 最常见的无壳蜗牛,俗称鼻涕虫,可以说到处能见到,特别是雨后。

########

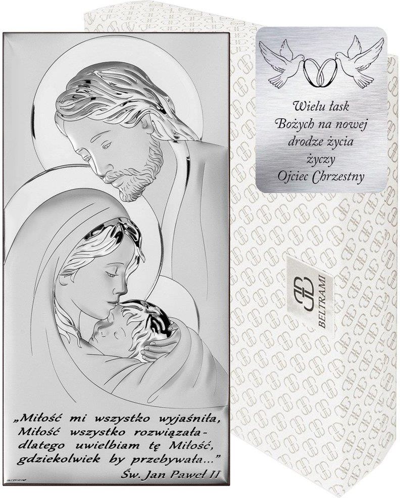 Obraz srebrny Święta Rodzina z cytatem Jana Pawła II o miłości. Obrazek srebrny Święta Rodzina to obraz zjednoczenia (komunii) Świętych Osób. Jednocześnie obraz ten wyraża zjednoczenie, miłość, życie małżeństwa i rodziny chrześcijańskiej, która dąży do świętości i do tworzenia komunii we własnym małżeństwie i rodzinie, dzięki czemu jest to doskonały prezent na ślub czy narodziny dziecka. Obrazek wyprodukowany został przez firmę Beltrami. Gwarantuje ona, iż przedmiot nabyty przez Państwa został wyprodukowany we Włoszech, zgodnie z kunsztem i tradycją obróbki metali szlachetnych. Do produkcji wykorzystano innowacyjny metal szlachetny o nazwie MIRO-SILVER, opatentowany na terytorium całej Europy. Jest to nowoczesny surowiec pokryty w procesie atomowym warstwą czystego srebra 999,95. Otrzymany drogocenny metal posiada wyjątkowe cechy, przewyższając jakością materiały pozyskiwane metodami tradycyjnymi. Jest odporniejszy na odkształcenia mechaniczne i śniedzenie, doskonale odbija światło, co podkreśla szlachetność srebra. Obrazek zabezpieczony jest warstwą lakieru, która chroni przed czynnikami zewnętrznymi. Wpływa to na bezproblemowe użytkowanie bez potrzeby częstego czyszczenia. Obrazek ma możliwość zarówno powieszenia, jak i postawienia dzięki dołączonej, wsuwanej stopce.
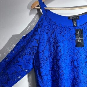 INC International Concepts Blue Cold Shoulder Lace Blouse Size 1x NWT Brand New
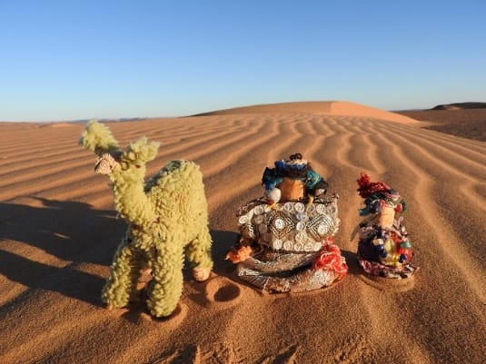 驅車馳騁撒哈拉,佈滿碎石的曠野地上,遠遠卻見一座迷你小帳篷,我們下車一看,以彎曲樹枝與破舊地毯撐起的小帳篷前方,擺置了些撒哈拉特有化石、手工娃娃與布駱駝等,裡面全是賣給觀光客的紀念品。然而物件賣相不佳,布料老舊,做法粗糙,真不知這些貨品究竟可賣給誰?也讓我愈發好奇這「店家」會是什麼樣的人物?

########

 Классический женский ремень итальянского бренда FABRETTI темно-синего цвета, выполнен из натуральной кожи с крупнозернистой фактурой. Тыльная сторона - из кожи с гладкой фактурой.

########

Activity. Output only the lines above from the one containing "INC International Concepts" to the one containing "驅車馳騁撒哈拉,佈滿碎石的曠", both included, exactly as written and with no pictures.

Written solution.
 INC International Concepts Blue Cold Shoulder Lace Blouse Size 1x NWT Brand New
 驅車馳騁撒哈拉,佈滿碎石的曠野地上,遠遠卻見一座迷你小帳篷,我們下車一看,以彎曲樹枝與破舊地毯撐起的小帳篷前方,擺置了些撒哈拉特有化石、手工娃娃與布駱駝等,裡面全是賣給觀光客的紀念品。然而物件賣相不佳,布料老舊,做法粗糙,真不知這些貨品究竟可賣給誰?也讓我愈發好奇這「店家」會是什麼樣的人物?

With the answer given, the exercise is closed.